[python] Python: Get HTTP headers from urllib2.urlopen call?

Actually, it appears that urllib2 can do an HTTP HEAD request.

The question that @reto linked to, above, shows how to get urllib2 to do a HEAD request.

Here's my take on it:

import urllib2

# Derive from Request class and override get_method to allow a HEAD request.
class HeadRequest(urllib2.Request):
    def get_method(self):
        return "HEAD"

myurl = 'http://bit.ly/doFeT'
request = HeadRequest(myurl)

try:
    response = urllib2.urlopen(request)
    response_headers = response.info()

    # This will just display all the dictionary key-value pairs.  Replace this
    # line with something useful.
    response_headers.dict

except urllib2.HTTPError, e:
    # Prints the HTTP Status code of the response but only if there was a 
    # problem.
    print ("Error code: %s" % e.code)

If you check this with something like the Wireshark network protocol analazer, you can see that it is actually sending out a HEAD request, rather than a GET.

This is the HTTP request and response from the code above, as captured by Wireshark:

HEAD /doFeT HTTP/1.1
Accept-Encoding: identity
Host: bit.ly
Connection: close
User-Agent: Python-urllib/2.7

HTTP/1.1 301 Moved
Server: nginx
Date: Sun, 19 Feb 2012 13:20:56 GMT
Content-Type: text/html; charset=utf-8
Cache-control: private; max-age=90
Location: http://www.kidsidebyside.org/?p=445
MIME-Version: 1.0
Content-Length: 127
Connection: close
Set-Cookie: _bit=4f40f738-00153-02ed0-421cf10a;domain=.bit.ly;expires=Fri Aug 17 13:20:56 2012;path=/; HttpOnly

However, as mentioned in one of the comments in the other question, if the URL in question includes a redirect then urllib2 will do a GET request to the destination, not a HEAD. This could be a major shortcoming, if you really wanted to only make HEAD requests.

The request above involves a redirect.
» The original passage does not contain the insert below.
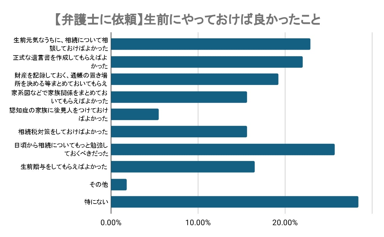 弁護士に依頼した人の相続に関して生前にやっておけばよかったことについては、「日頃から相続についてもっと勉強しておくべきだった」(25.69%)が最も多く、次いで「生前元気なうちに、相続について相談しておけばよかった」(22.94%)、「正式な遺言書を作成してもらえばよかった」(22.02%)が続きました。これらの結果から、相続に関する知識や準備の不足を実感した人が多かったことがうかがえます。

Here is request to the destination, as captured by Wireshark:

GET /2009/05/come-and-draw-the-circle-of-unity-with-us/ HTTP/1.1
Accept-Encoding: identity
Host: www.kidsidebyside.org
Connection: close
User-Agent: Python-urllib/2.7

An alternative to using urllib2 is to use Joe Gregorio's httplib2 library:

import httplib2

url = "http://bit.ly/doFeT"
http_interface = httplib2.Http()

try:
    response, content = http_interface.request(url, method="HEAD")
    print ("Response status: %d - %s" % (response.status, response.reason))

    # This will just display all the dictionary key-value pairs.  Replace this
    # line with something useful.
    response.__dict__

except httplib2.ServerNotFoundError, e:
    print (e.message)

This has the advantage of using HEAD requests for both the initial HTTP request and the redirected request to the destination URL.

Here's the first request:

HEAD /doFeT HTTP/1.1
Host: bit.ly
accept-encoding: gzip, deflate
user-agent: Python-httplib2/0.7.2 (gzip)

Here's the second request, to the destination:

HEAD /2009/05/come-and-draw-the-circle-of-unity-with-us/ HTTP/1.1
Host: www.kidsidebyside.org
accept-encoding: gzip, deflate
user-agent: Python-httplib2/0.7.2 (gzip)